BEGIN THE DATA

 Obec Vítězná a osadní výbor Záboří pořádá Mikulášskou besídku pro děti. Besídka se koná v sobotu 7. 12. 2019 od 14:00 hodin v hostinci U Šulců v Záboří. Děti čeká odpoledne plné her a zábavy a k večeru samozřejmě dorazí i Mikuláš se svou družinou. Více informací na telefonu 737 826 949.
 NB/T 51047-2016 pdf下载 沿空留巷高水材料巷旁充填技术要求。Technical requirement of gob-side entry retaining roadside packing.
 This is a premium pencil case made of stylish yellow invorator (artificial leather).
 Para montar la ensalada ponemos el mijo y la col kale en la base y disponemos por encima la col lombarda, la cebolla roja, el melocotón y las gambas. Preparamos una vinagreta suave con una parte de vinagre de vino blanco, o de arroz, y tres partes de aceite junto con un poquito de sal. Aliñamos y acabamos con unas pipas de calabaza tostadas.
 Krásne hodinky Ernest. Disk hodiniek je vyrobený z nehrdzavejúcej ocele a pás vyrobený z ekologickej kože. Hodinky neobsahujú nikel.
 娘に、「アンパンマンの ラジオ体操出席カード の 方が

END THE DATA
BEGIN THE DATA

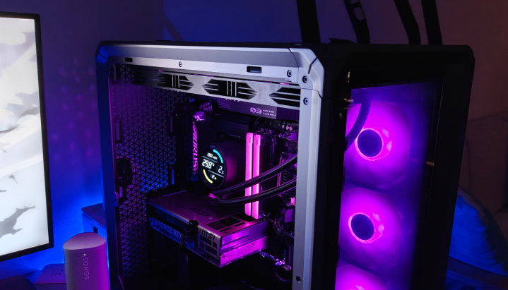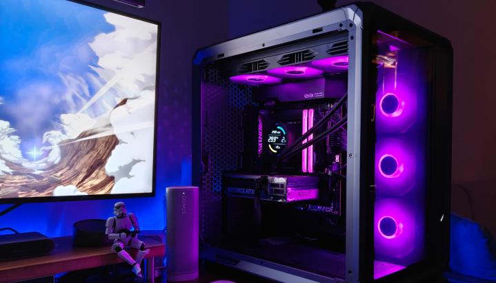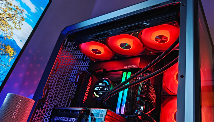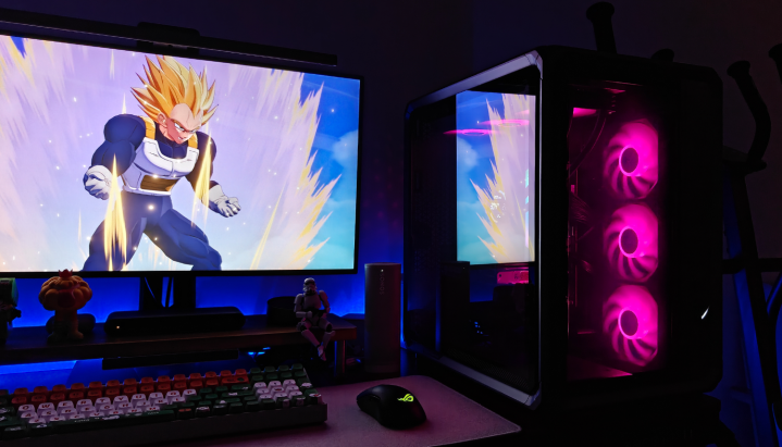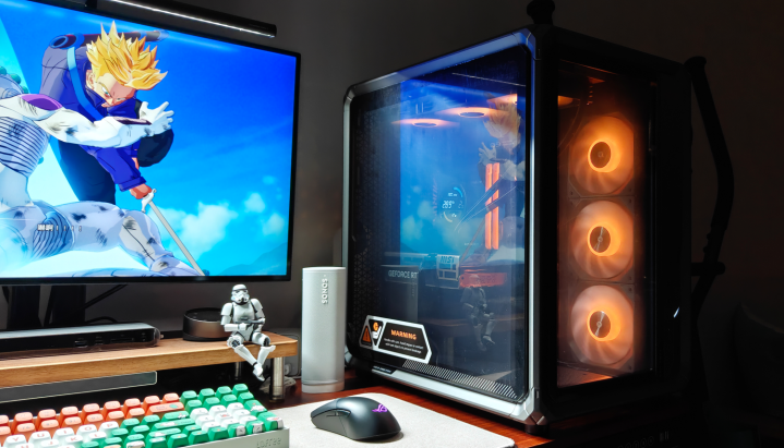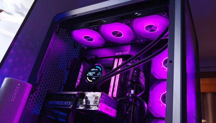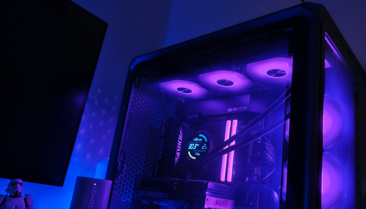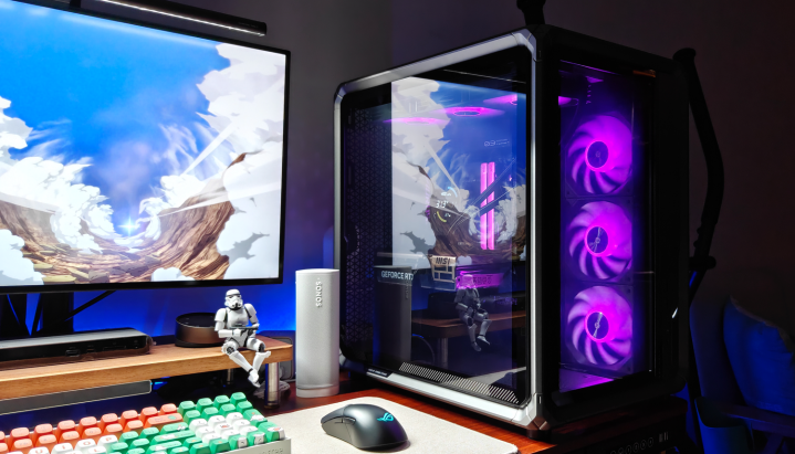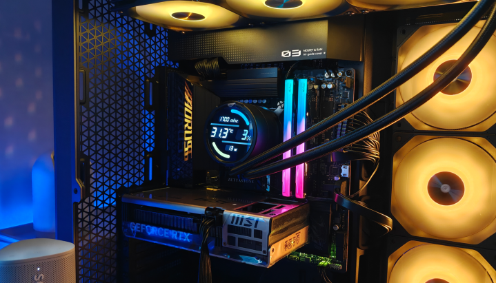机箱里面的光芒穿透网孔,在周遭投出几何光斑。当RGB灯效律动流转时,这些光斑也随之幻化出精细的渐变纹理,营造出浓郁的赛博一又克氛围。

END THE DATA

=== WHAT TO PRODUCE ===
From the records above, print only the lines between the one holding "Obec Vítězná a" and the one holding "娘に、「アンパンマンの ラジオ体操出席カード の 方が", inclusive, exactly as they stand.

=== RESPONSE BELOW ===
 Obec Vítězná a osadní výbor Záboří pořádá Mikulášskou besídku pro děti. Besídka se koná v sobotu 7. 12. 2019 od 14:00 hodin v hostinci U Šulců v Záboří. Děti čeká odpoledne plné her a zábavy a k večeru samozřejmě dorazí i Mikuláš se svou družinou. Více informací na telefonu 737 826 949.
 NB/T 51047-2016 pdf下载 沿空留巷高水材料巷旁充填技术要求。Technical requirement of gob-side entry retaining roadside packing.
 This is a premium pencil case made of stylish yellow invorator (artificial leather).
 Para montar la ensalada ponemos el mijo y la col kale en la base y disponemos por encima la col lombarda, la cebolla roja, el melocotón y las gambas. Preparamos una vinagreta suave con una parte de vinagre de vino blanco, o de arroz, y tres partes de aceite junto con un poquito de sal. Aliñamos y acabamos con unas pipas de calabaza tostadas.
 Krásne hodinky Ernest. Disk hodiniek je vyrobený z nehrdzavejúcej ocele a pás vyrobený z ekologickej kože. Hodinky neobsahujú nikel.
 娘に、「アンパンマンの ラジオ体操出席カード の 方が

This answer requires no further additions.